Safety Interlock System (SIS)

The third layer involves automatic feedback control for situations when process variables approach “hard” constraints that should not be exceeded; these could cause injury to people or the environment or damage to expensive equipment.

Because of the importance of preventing such situations, the actions taken are extreme and disrupt the process operation; usually, they stop all or part of the process operation by immediately closing (or opening) key valves to move the process to a safe condition. These control systems are termed safety interlock systems (SIS) or emergency shutdown systems (ESS).

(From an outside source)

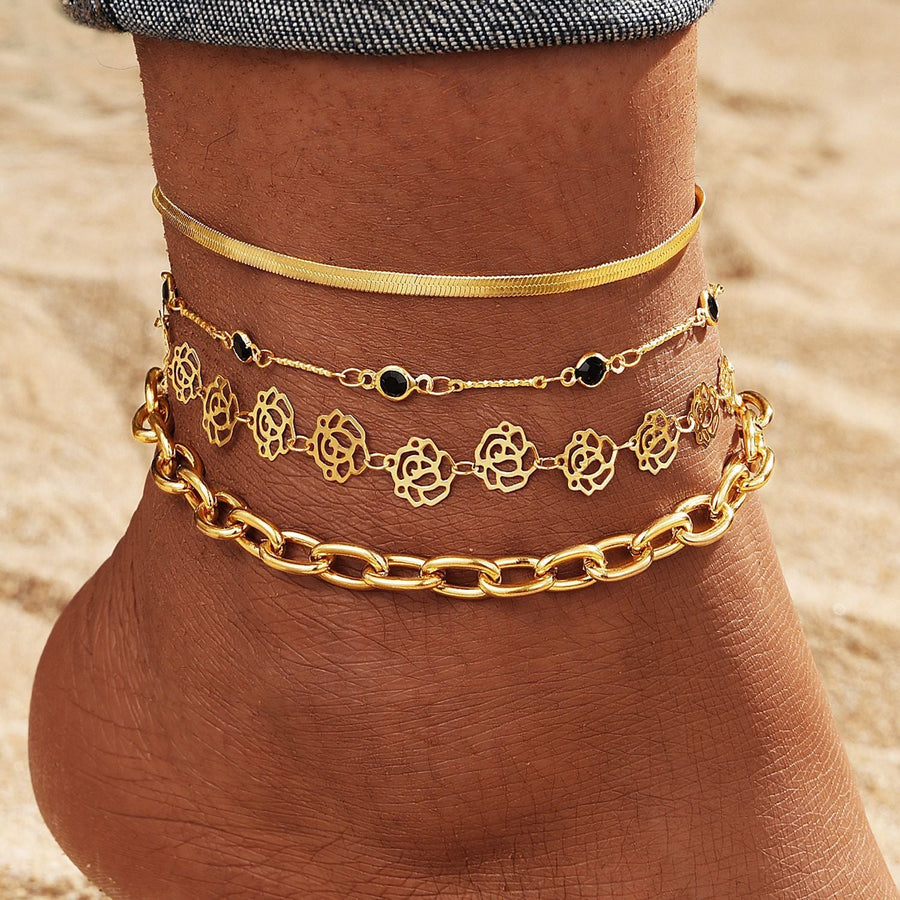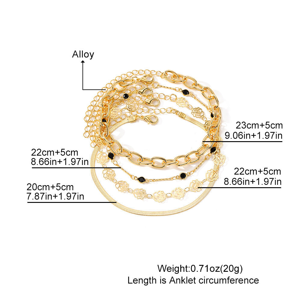 Snake Chain Rose Black Diamond Anklet 4-piece Set

The manner in which a safety interlock system is shown on a process drawing depends on the complexity of the logic. If only one measurement is compared with its low or high limit, a two-letter designation is used, with the second letter being “S” for switch; for example, LS is a switch that changes state based on a level measurement. If the logic is complex, perhaps using many sensors, all measured signals are connected to an “SIS” symbol, and the SIS is connected via signal lines to all manipulated valves (or motors, etc.). Separate documentation is required for
the more complex SIS systems.

Also read

SIS (safety instrumented system) basics

Safety Valves

The fourth layer involves feedback systems that are self-actuating, that is, which do not require electrical, pneumatic, or hydraulic power sources and have no significant distance of signal transmission. These features contribute to very high reliability. The major application at this layer is the safety valve, which is a valve normally held closed by a spring. When the pressure reaches the preset limit, the force due to the process pressure is high enough to overcome the force of the spring, and the valve begins to open. When the process pressure decreases, the safety valve is designed to close. The engineer must be sure that the material flowing through the safety valve can be either (1) released to the environment safely (e.g., steam), (2) processed to eliminate hazards (e.g., combusting hydrocarbons), or (3) retained in a containment vessel for later processing (e.g., wastewater storage and nuclear
plant containment building). These layers should be carefully designed, properly installed, and meticulously maintained.